Amanda: The general environment can be a bit tough. Last year when we held an International Women’s Day awareness campaign, boys complained that there wasn’t an International Men’s Day. Whenever toxic masculinity comes up men don't want to talk about it and shut you down. I was trying to debate the recent Gillette advertisement with a boy in my media studies class, but he just kept repeating the word, “No” while I was speaking, and the teacher brushed it off.
Abigail: I definitely try to speak up when I hear someone putting women down. I have heard a lot of it and am not afraid to stand up and voice my opinion.
Ganaaboute: Standing up for basic human rights and equality is not a political issue. I am also aware that having the privilege of being male, and calling myself a feminist, protects me from the physical threats or dangers that women might experience doing the same.
Jennifer: What women do you look up to?
Zsuzsika: My mom is an entrepreneur and fully in charge of a business that she loves. She is a Boss Lady, great role model and supports me in feminism. I also really appreciate celebrities who use their voices to support and encourage women.
Beatrice: I admire my girlfriends and other women also studying and pursuing careers in engineering.
Erin: I am grateful to Actua. The voice of Melinda Gates is one that I have also heard and connected with. She uses her influence to raise awareness for women’s rights and makes me feel supported in my pursuits.
Abigail: My science teacher Ms. Dewar not only teaches biology, chemistry and physics but helps all of us as much as she can. I also feel inspired by Stephen Hawking’s ability to face and overcome the challenges and criticism he faced on his journey to achieving excellence in science.

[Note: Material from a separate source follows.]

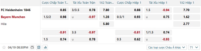 Soi kèo châu Á, kèo Heidenheim vs Bayern Munich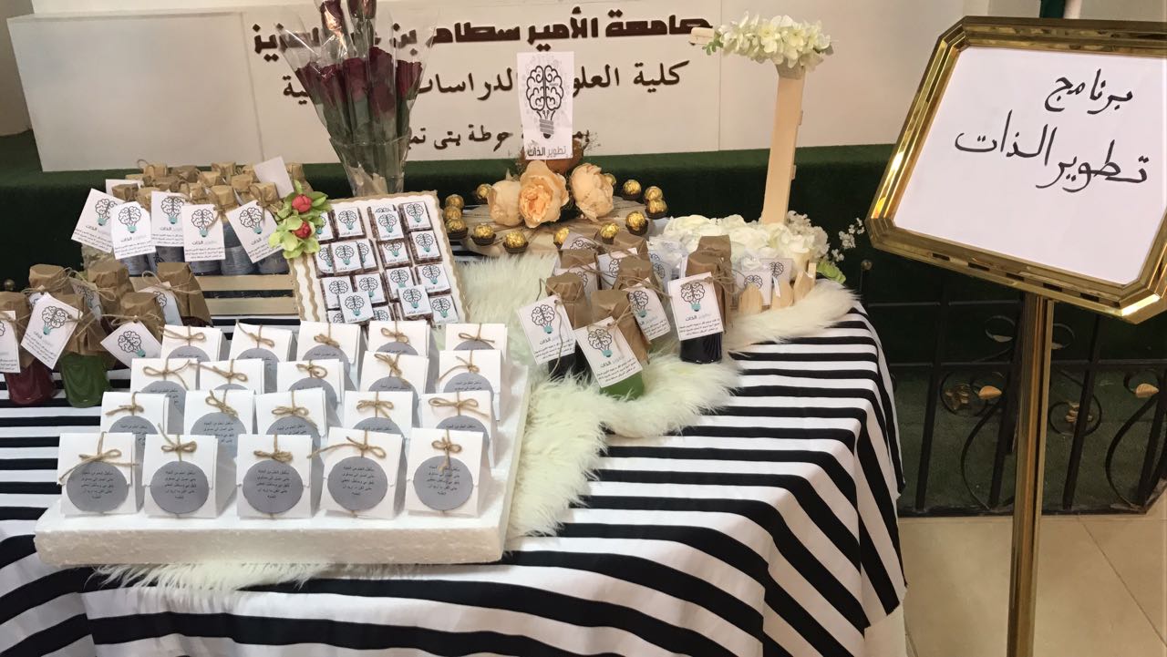 أقام قسم التربية وعلم النفس بكلية العلوم والدراسات الإنسانية بحوطة بني تميم برنامج بعنوان (تطوير الذات ) يوم الثلاثاء 3/ 3 / 1439 هـ . حضر البرنامج سعادة عميده الكلية الدكتورة حصة سعود الهزاني و وكيلاتها وعدد كبير من أعضاء هيئة التدريس والطالبات. يهدف البرنامج إلى تطوير الفرد لذاته وإلى تطوير جوانبه المختلفة الجسمية والنفسية والعقلية والاجتماعية وتضمن البرنامج عرض تقديمي وركن خارجي يحوي عبارات وتوزيعات تحث ع تطوير الذات وتنمية الشخصية وقد نال استحسان الجميع .

Madeline: I look up to my mom who was able to provide for me as a single parent and make my life such a happy one. I am also so impressed whenever I hear Michelle Obama speak and her focus on the next generation.
Anya: The women in my family have all been scientists and I am grateful for a start in life which allowed me to see so much possibility from within my own family. I am also inspired by the people in this room that are vocal and voice their opinions about what they believe in. Alexandria Ocasio-Cortez is also so vocal and has pushed for so much in a short period of time.
Ganaaboute: I would choose Lois an elder from Fort Providence (NWT) who has devoted the last thirty years to sobriety and also to restoring Indigenous culture. The other people I will celebrate is anyone who identifies a problem and devotes their life to making positive change.